I’ll know if I did a good job with my talk if you walk out thinking “that’s it, huh? I was expecting something complicated.” / “I could do that, chump.”. (I’ll’ve done an even better job if some of you go out and try and make this kindof stuff).

It’s kinda lame, for me, to say “hey, what I did for my FYP is quite simple”. (“If you can’t explain it simply, you don’t understand” / “it’s only simple if we simplify out the details” aside). The fortunate thing for this is that C has relatively few features. (e.g. No closures / functions within functions). But it’s not a sit-down-and-finish-it-in-an-hour kindof project. It is a lot of fun. (How many kids continue working on their FYP after they’ve presented in their free time?). You’ll also get very good at the language; I got somewhat familiar with the C99 language standard, and certainly stumbled upon the more esoteric aspects of (simple) C99, my favourite being:

int isWhitespace[256] = { [' '] = 1, ['\t'] = 1, ['\n'] = 1 };
isWhitespace['a'];  //> 0
isWhitespace[' '];  //> 1
isWhitespace['\t']; //> 1

“What’s In It For You” / Motivation For Caring About the Presentation

Something like ‘Example of a cool Programming-Language Application project you can make, once you have knowledge of how to make a parser & roughly you could implement it’, esp. if the inspiration is ‘I want that for my favourite language’.

On the other hand, PL applications needn’t be like this, and can be more modest, like, ‘organise imports’ or ‘indent properly’ or so.

Parsers and PL Applications

– It can become clear by the terminology, the way someone talks, how much they know or don’t know about a subject. “Parsers” is one of these areas I don’t know all that much about. (I never took the compilers/parser course.).

But in terms of “writing a worksheetify program”, roughly formula for this is:

  1. Parse the source code.
  2. ???
  3. Profit.

(Which applies to writing any PL application in general.).
There are different ways to do it. (And of course, there are trade-offs for different approaches.).

But a key point I learned is, if you want to show results within functions / nested scopes / control structures, it’s not enough to just pass it off to a REPL. You must be able to parse the source code.

Making Use of the AST

In situations where you’re writing programs whose data is other programs, you’re going to want to make use of techniques a level abstracted from directly traversing the AST.

AST

ANTLR (see below) provides two ways to handle this: Tree Listeners, Tree Visitors.
With Tree Listeners, you implement listener methods which get called as the AST is walked.
With Tree Visitors, you implement methods which then control which parts of the tree are ‘visited’; the intent is to evaluate the AST to some value. (e.g.
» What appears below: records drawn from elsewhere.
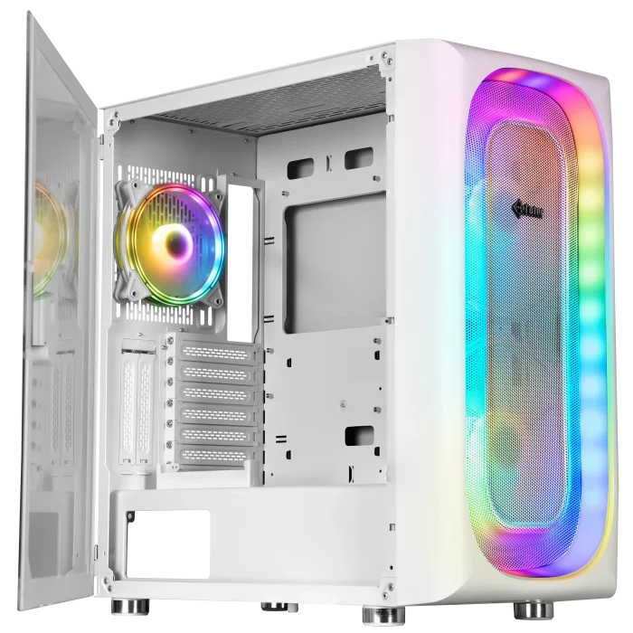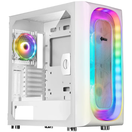 پنل جلویی از پلیکربنات و ترموپلاست با توری فلزی طراحی شده تا جریان هوا به خوبی برقرار باشد و نورپردازی ARGB آن جلوهای خیرهکننده به کیس ببخشد. کاربران میتوانند نورپردازی فنها را خاموش یا با نرمافزارهای مادربرد مانند Aura Sync و Mystic Light هماهنگ کنند. طراحی دربها بدون نیاز به ابزار باز میشوند، که نصب و بررسی قطعات داخلی را بسیار ساده کرده است.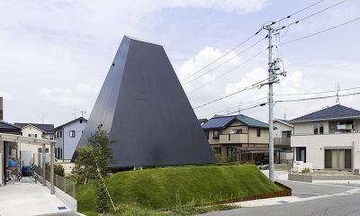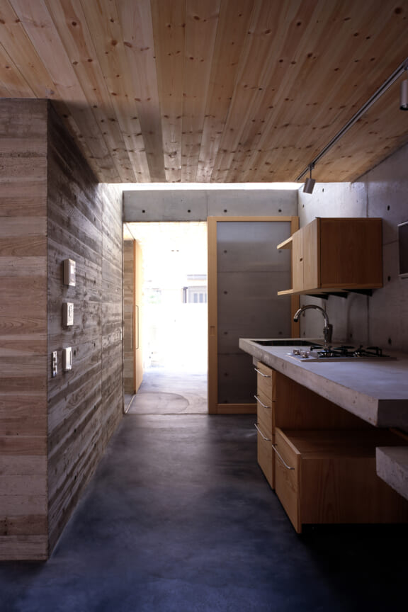 間口が狭く細長い敷地であることから主居室を敷地奥側に配置することで、奥行きによって前面道路からの適度なプライバシーが守られ、壁面ラインを斜めに振ることで前庭を作って木を植え、陽光を浴び風にゆらめく緑を愉しむことができる場となった。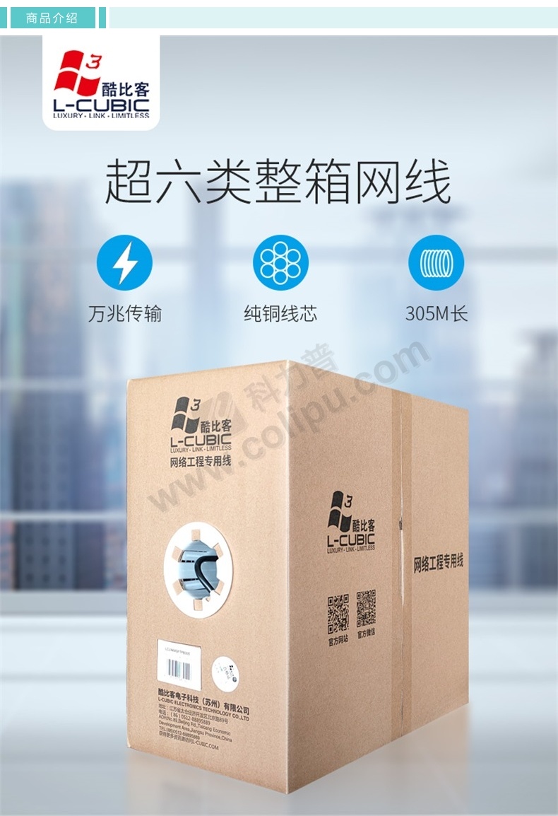 酷比客 L-CUBIC 超六类纯铜成箱网线 LCLN6ABK-305M 305米 (黑色)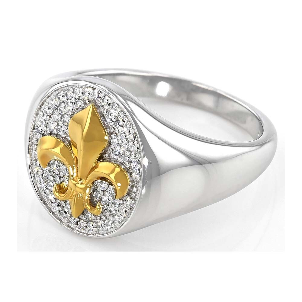 0.60Ct D/FL Moissanite 14K Two-Tone Gold Plated Fleur-de-Lis Statement Mens Ring

Numeric expression to a number, like in the simple math expression grammar example).

– The Tree Visitor is kindof more FP-ish, except having to explicitly call ‘visit’ on the children nodes of the AST is also a bit tedious. - This can be abstracted another level, where you have e.g. AST -> Option[T], and some combine :: [T] -> T, then it’s possible to write a general fold_ast :: AST -> (AST -> Option[T]) -> ([T] -> T) -> T function for the AST. (The AST -> Option[T] means “maybe extract value from this AST node; if this node returns Some thing, use that, otherwise keep looking.”.). - Manipulation of AST could be done in a similar way.

Anyway. The dynamic (in ANTLR) is usually that the Tree Listeners can be used to ‘grab what you want’ out of the AST, Tree Visitor is better at ‘evaluating’ some part of the AST to a value.

My Choice of Parser / Technique

For the ‘parser’, I made use of ANTLR parser-generator (like flex/yacc; just give it a BNF-esque grammar, and it generates the lexer/parser for you). Mostly because this can generate a parser in Java, and I was using Scala for the project (as specified by FYP description – Though I think since FP/‘strongly-typed’ languages are kinda nicer to write parsers in, I think the hope was I’d hand-write the parser..)

(See my adapted C.g4).

Making use of gccxml, or an LLVM/Clang pass might’ve also had it’s advantages, ‘but’, then I’d have to write in C++ (for the latter), it makes the executable size for my program much larger (which is fine if your plugin is like YouCompleteMe), and I more/less wanted to keep the approach ‘general’, rather than tied to a specific language.
[Note: a disadvantage of not using gcc/clang is that there may be divergence between what they parse and what I parse; I mitigate this in my project by first compiling the given input C file. i.e. anything I can parse, they can parse (better?)].

In terms of “in my case”:
One approach might be to just pass the code of to some C interpreter anyway. (Cling is a C++ interpreter developed by the folk at CERN, a successor of an older CInt (C Interpreter) project of theirs. ‘Cling’ because it’s built upon LLVM/Clang.). This’d require potentially renaming variables so that everything is unique, and ‘unfolding’ control structures (like loops, etc.). – Quite a messy way of doing things.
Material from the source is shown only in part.